_Task objective_
Please set down only the lines running from the one with "brown and black" through the last line of the entries, exactly as written and without any pictures.

_Data supplied_
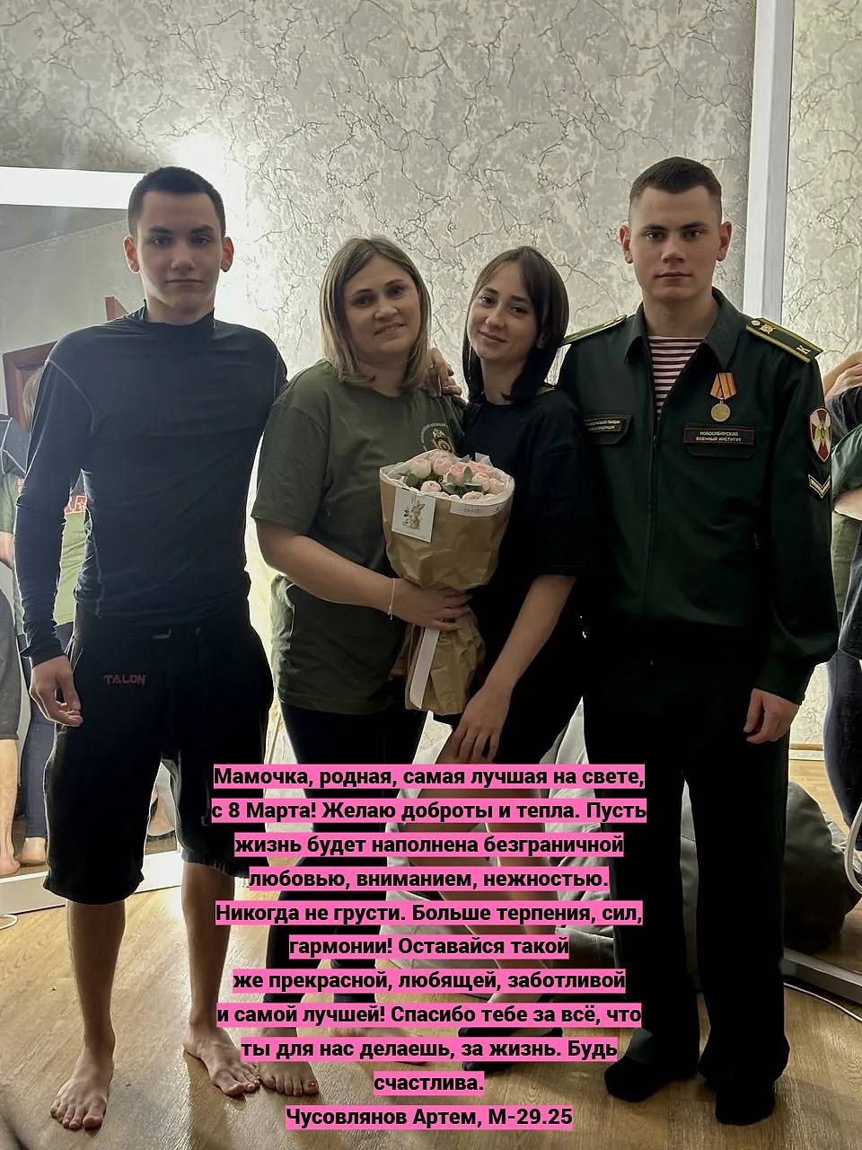 В преддверии 8 Марта, мы провели онлайн-акцию фотографий "Мамина улыбка - лучшая на свете" и сегодня дорогие мамы, от лица самых главных защитников, ваших сыновей, в самый весенний и праздничный женский день, мы хотим поздравить каждую из вас с Международным женским днем, сказать самые теплые слова любви и благодарности за то, что вы есть!
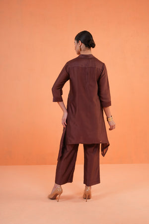Brown and Ivory Chanderi Silk Asymmetrical Tunic Set, adorned with contrast Appliqué and delicate Resham Embroidery, styled with Coordinated Pants
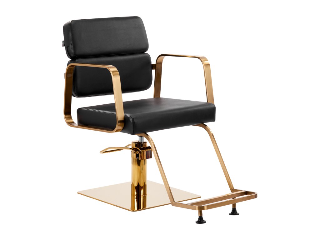 Mechanizmus úplného otáčania stoličky robí prácu kaderníkaefektívnejšie a pohodlnejšie. Pevná, plochá základňa štvorcového tvaruzaručuje stabilitu počas používania. Hladký povrch s matnou povrchovou úpravou dodáva prvku elegantný vzhľad a umožňuje ľahko sa udržiava v čistote. Pohodlné sedadlo s penovou výplňou zaručujevysoký komfort používania, a to aj počas mnohých hodín liečby. Geometrické kovové podrúčky v odtieňoch zlatej farby umožňujúsprávna poloha ramien klienta - to znamená, že nezakrýva hlavu do ramien a nehrbí sa - čouľahčuje presné ošetrenie, vrátane strihania vlasov. Štýlová opierka na nohy určená pre tento model poskytuje stabilnú oporu pre nohy používateľa.
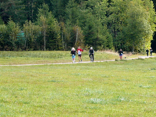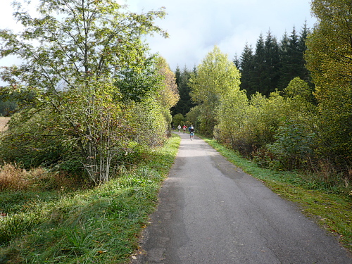 Wir überquerten den Brändbach und kamen nach Unterbränd, wo die Zuschauer inklusive Band traditionell ein kleines Volksfest feierten. Vorbei am Kirnbergsee, einem künstlichen Stausee, liefen wir in Richtung Bräunlingen.
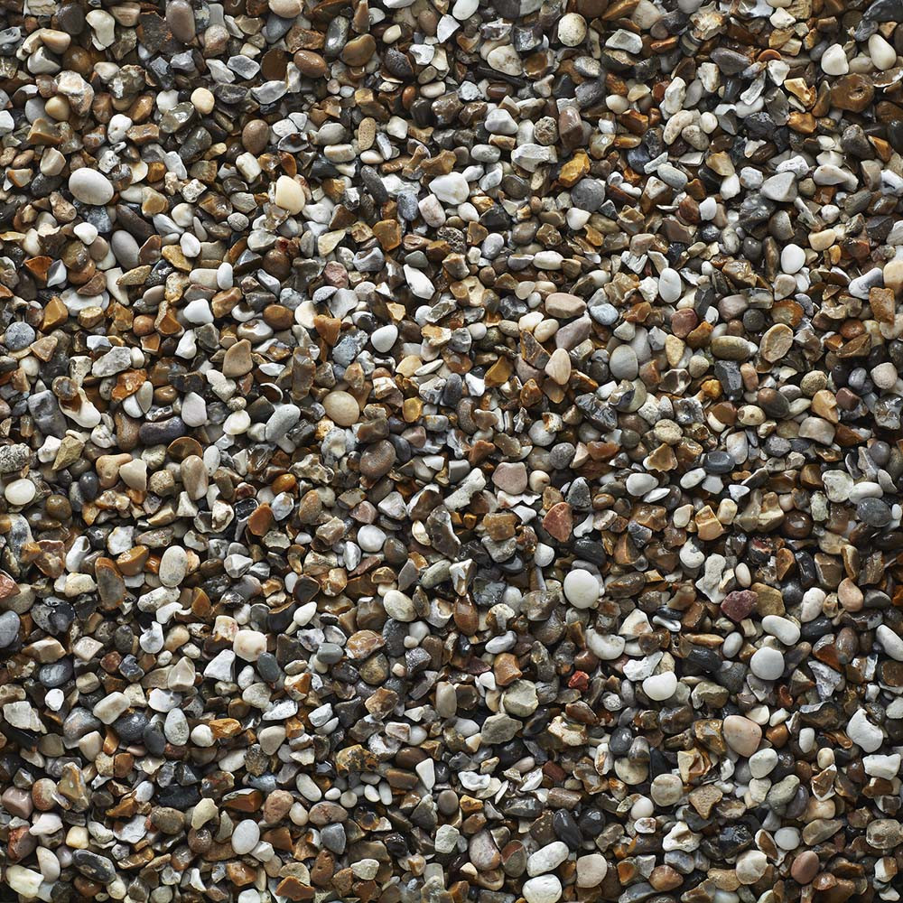 • Angular flint-based gravel that features a wide array of colours, including gold, white, grey, cream, brown and black
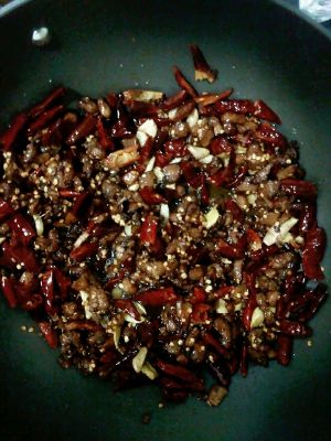 放炸过的鸡肉丁进去翻炒,注意好火候,辣椒别炒糊了;
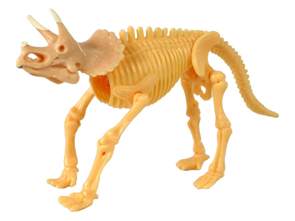 - Uvnitř se nachází náhodný model plastového žlutého kostry dinosaura, jehož sestavení přináší další zábavu
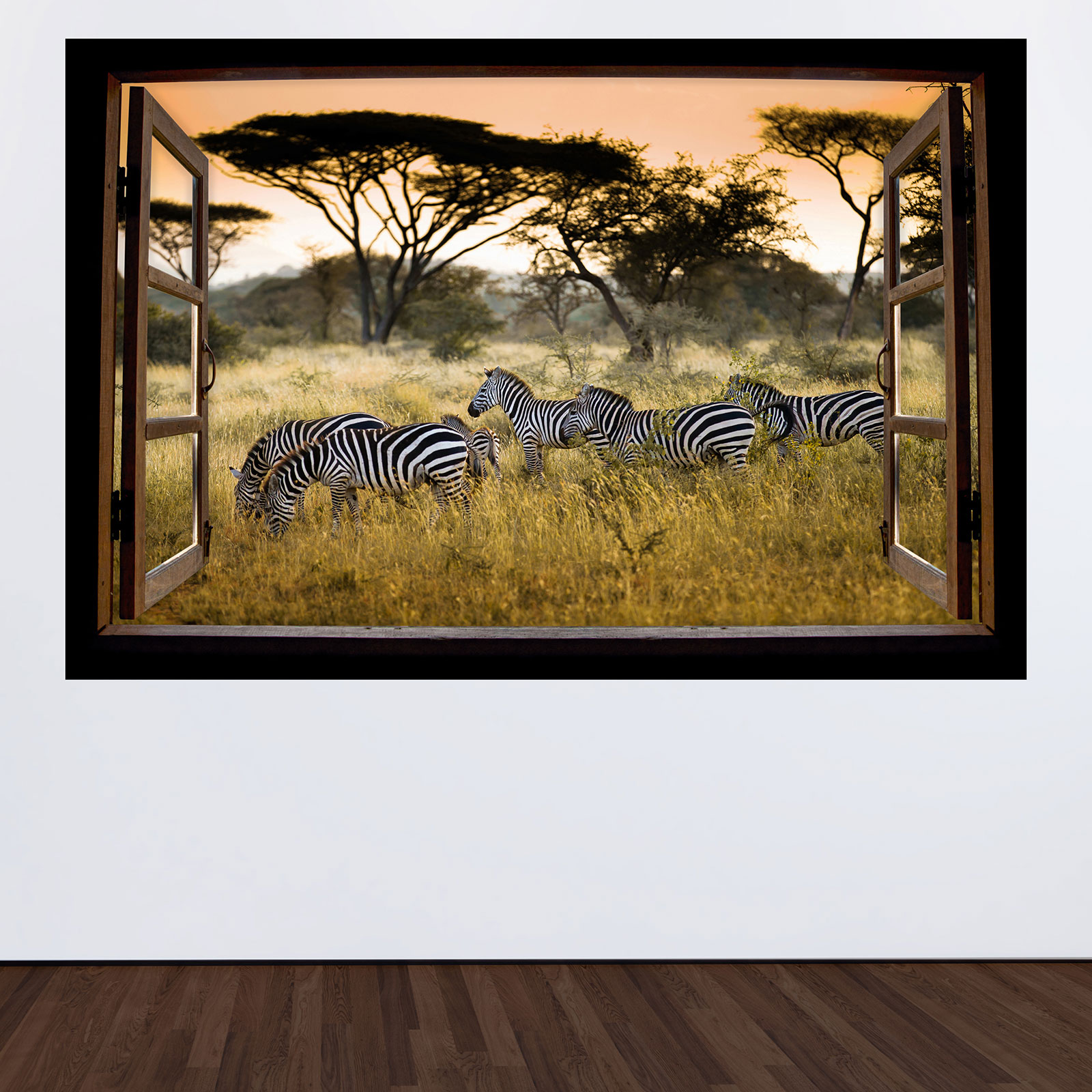 Adesivo Murale - Illusione ottica - Finestra in legno - Zebre

_Exercise response_
 • Angular flint-based gravel that features a wide array of colours, including gold, white, grey, cream, brown and black
 放炸过的鸡肉丁进去翻炒,注意好火候,辣椒别炒糊了;
 - Uvnitř se nachází náhodný model plastového žlutého kostry dinosaura, jehož sestavení přináší další zábavu
 Adesivo Murale - Illusione ottica - Finestra in legno - Zebre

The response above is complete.